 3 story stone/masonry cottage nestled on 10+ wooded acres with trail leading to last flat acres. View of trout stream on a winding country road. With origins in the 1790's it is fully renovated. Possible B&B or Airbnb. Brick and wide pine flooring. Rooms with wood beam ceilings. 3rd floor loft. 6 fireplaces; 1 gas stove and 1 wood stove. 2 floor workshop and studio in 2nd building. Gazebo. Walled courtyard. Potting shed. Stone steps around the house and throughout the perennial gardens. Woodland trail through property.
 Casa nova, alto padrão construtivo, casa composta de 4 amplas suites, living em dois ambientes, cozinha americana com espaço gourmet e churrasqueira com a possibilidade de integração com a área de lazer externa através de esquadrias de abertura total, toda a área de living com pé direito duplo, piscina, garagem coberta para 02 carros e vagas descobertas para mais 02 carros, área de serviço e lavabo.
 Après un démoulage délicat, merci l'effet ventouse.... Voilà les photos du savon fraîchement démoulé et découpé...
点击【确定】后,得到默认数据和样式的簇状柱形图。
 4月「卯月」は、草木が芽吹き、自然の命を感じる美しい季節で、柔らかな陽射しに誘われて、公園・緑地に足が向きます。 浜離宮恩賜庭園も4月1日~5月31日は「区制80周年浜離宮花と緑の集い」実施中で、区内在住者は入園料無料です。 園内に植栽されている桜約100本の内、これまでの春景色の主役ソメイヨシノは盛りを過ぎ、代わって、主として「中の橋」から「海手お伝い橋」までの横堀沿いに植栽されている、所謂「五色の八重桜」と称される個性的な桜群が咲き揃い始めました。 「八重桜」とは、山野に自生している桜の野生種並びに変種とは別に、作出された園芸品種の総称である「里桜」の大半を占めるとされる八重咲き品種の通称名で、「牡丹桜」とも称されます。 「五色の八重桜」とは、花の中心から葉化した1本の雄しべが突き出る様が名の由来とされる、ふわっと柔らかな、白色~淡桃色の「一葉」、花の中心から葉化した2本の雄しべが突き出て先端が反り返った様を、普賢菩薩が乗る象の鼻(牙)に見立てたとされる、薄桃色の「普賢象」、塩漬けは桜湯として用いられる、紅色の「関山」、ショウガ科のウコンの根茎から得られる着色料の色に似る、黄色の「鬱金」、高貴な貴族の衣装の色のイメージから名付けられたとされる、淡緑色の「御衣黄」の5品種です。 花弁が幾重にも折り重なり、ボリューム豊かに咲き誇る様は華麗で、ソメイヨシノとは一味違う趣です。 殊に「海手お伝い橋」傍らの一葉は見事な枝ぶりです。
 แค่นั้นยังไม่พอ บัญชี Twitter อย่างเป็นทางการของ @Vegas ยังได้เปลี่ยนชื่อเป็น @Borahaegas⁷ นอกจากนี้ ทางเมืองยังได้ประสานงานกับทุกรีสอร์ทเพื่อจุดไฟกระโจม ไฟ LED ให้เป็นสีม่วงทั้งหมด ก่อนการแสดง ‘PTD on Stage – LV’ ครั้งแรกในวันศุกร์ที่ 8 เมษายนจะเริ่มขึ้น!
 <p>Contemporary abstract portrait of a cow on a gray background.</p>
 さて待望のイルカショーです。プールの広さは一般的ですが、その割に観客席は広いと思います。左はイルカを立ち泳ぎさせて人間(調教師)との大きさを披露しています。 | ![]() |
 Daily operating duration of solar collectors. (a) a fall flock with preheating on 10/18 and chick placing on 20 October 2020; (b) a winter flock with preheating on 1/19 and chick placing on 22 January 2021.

# The task
Each line of the data that holds "with" should be copied.

# Answer space
 3 story stone/masonry cottage nestled on 10+ wooded acres with trail leading to last flat acres. View of trout stream on a winding country road. With origins in the 1790's it is fully renovated. Possible B&B or Airbnb. Brick and wide pine flooring. Rooms with wood beam ceilings. 3rd floor loft. 6 fireplaces; 1 gas stove and 1 wood stove. 2 floor workshop and studio in 2nd building. Gazebo. Walled courtyard. Potting shed. Stone steps around the house and throughout the perennial gardens. Woodland trail through property.
 Daily operating duration of solar collectors. (a) a fall flock with preheating on 10/18 and chick placing on 20 October 2020; (b) a winter flock with preheating on 1/19 and chick placing on 22 January 2021.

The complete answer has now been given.